### Exercise requirements
Word for word, write the lines below out again, with no pictures.

### Provided material
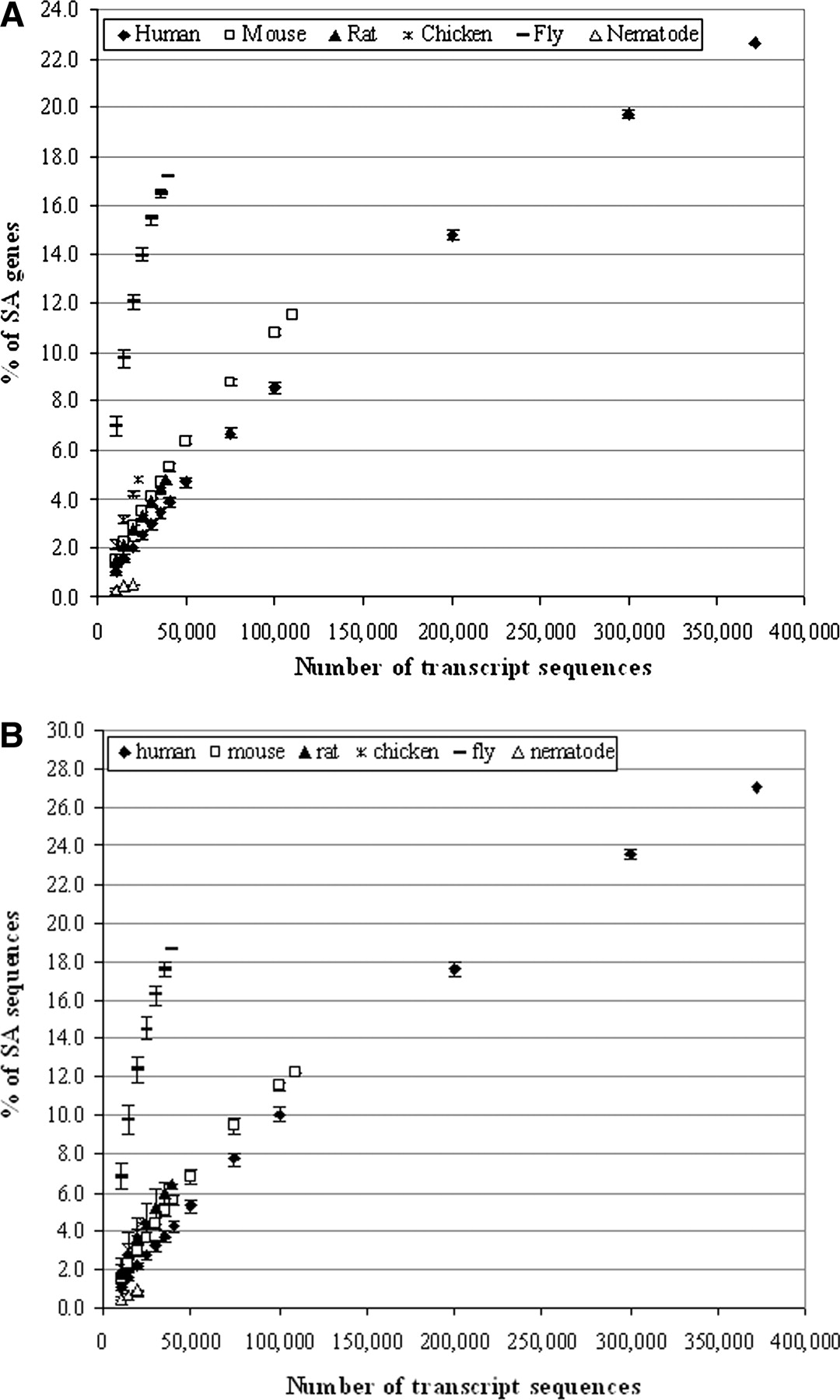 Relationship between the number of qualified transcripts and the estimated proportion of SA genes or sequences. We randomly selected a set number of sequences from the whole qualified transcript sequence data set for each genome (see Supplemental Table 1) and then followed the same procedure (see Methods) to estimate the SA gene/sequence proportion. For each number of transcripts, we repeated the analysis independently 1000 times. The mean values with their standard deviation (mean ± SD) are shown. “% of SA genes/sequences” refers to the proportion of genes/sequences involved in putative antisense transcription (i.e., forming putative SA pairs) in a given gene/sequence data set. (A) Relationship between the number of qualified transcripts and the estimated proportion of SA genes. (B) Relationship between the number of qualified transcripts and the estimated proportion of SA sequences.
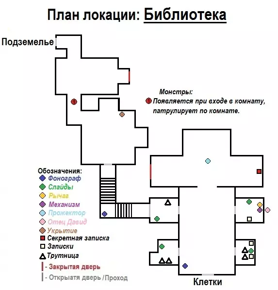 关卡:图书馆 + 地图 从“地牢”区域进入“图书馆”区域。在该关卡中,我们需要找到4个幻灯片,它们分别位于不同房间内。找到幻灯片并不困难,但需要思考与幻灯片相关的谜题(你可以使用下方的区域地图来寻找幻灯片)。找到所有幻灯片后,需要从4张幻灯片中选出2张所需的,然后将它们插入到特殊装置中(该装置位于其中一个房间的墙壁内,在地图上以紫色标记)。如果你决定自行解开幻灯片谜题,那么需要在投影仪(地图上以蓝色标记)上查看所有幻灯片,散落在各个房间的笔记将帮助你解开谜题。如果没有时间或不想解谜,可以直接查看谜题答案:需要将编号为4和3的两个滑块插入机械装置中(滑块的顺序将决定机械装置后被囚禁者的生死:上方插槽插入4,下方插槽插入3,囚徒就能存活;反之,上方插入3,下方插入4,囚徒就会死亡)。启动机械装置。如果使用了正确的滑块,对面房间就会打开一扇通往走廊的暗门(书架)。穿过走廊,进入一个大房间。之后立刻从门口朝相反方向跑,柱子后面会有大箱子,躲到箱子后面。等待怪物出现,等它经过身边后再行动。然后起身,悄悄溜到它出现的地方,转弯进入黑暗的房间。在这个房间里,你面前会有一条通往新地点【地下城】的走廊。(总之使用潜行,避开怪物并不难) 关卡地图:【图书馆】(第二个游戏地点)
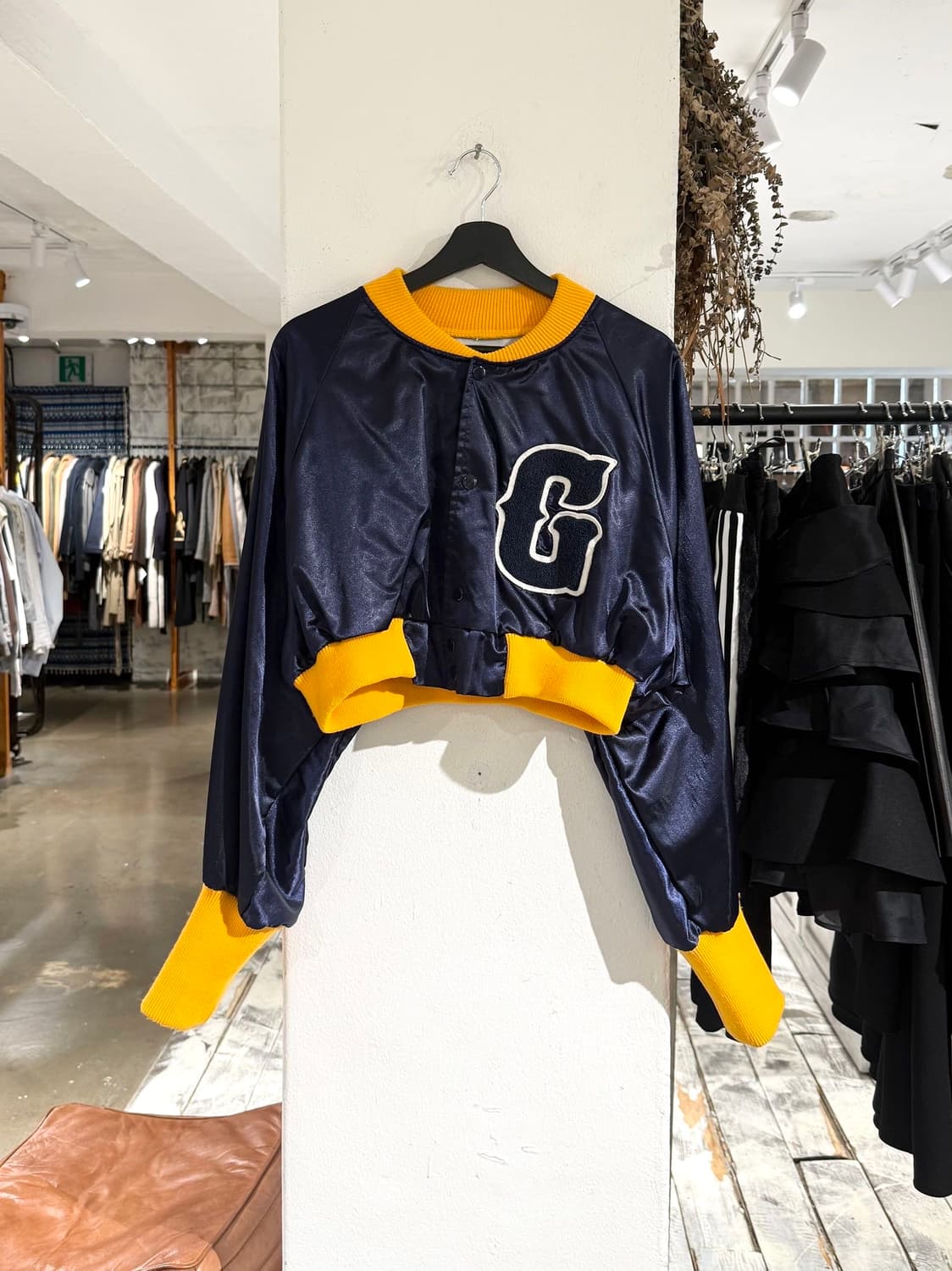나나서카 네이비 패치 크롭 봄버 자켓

### Reply
 Relationship between the number of qualified transcripts and the estimated proportion of SA genes or sequences. We randomly selected a set number of sequences from the whole qualified transcript sequence data set for each genome (see Supplemental Table 1) and then followed the same procedure (see Methods) to estimate the SA gene/sequence proportion. For each number of transcripts, we repeated the analysis independently 1000 times. The mean values with their standard deviation (mean ± SD) are shown. “% of SA genes/sequences” refers to the proportion of genes/sequences involved in putative antisense transcription (i.e., forming putative SA pairs) in a given gene/sequence data set. (A) Relationship between the number of qualified transcripts and the estimated proportion of SA genes. (B) Relationship between the number of qualified transcripts and the estimated proportion of SA sequences.
 关卡:图书馆 + 地图 从“地牢”区域进入“图书馆”区域。在该关卡中,我们需要找到4个幻灯片,它们分别位于不同房间内。找到幻灯片并不困难,但需要思考与幻灯片相关的谜题(你可以使用下方的区域地图来寻找幻灯片)。找到所有幻灯片后,需要从4张幻灯片中选出2张所需的,然后将它们插入到特殊装置中(该装置位于其中一个房间的墙壁内,在地图上以紫色标记)。如果你决定自行解开幻灯片谜题,那么需要在投影仪(地图上以蓝色标记)上查看所有幻灯片,散落在各个房间的笔记将帮助你解开谜题。如果没有时间或不想解谜,可以直接查看谜题答案:需要将编号为4和3的两个滑块插入机械装置中(滑块的顺序将决定机械装置后被囚禁者的生死:上方插槽插入4,下方插槽插入3,囚徒就能存活;反之,上方插入3,下方插入4,囚徒就会死亡)。启动机械装置。如果使用了正确的滑块,对面房间就会打开一扇通往走廊的暗门(书架)。穿过走廊,进入一个大房间。之后立刻从门口朝相反方向跑,柱子后面会有大箱子,躲到箱子后面。等待怪物出现,等它经过身边后再行动。然后起身,悄悄溜到它出现的地方,转弯进入黑暗的房间。在这个房间里,你面前会有一条通往新地点【地下城】的走廊。(总之使用潜行,避开怪物并不难) 关卡地图:【图书馆】(第二个游戏地点)
나나서카 네이비 패치 크롭 봄버 자켓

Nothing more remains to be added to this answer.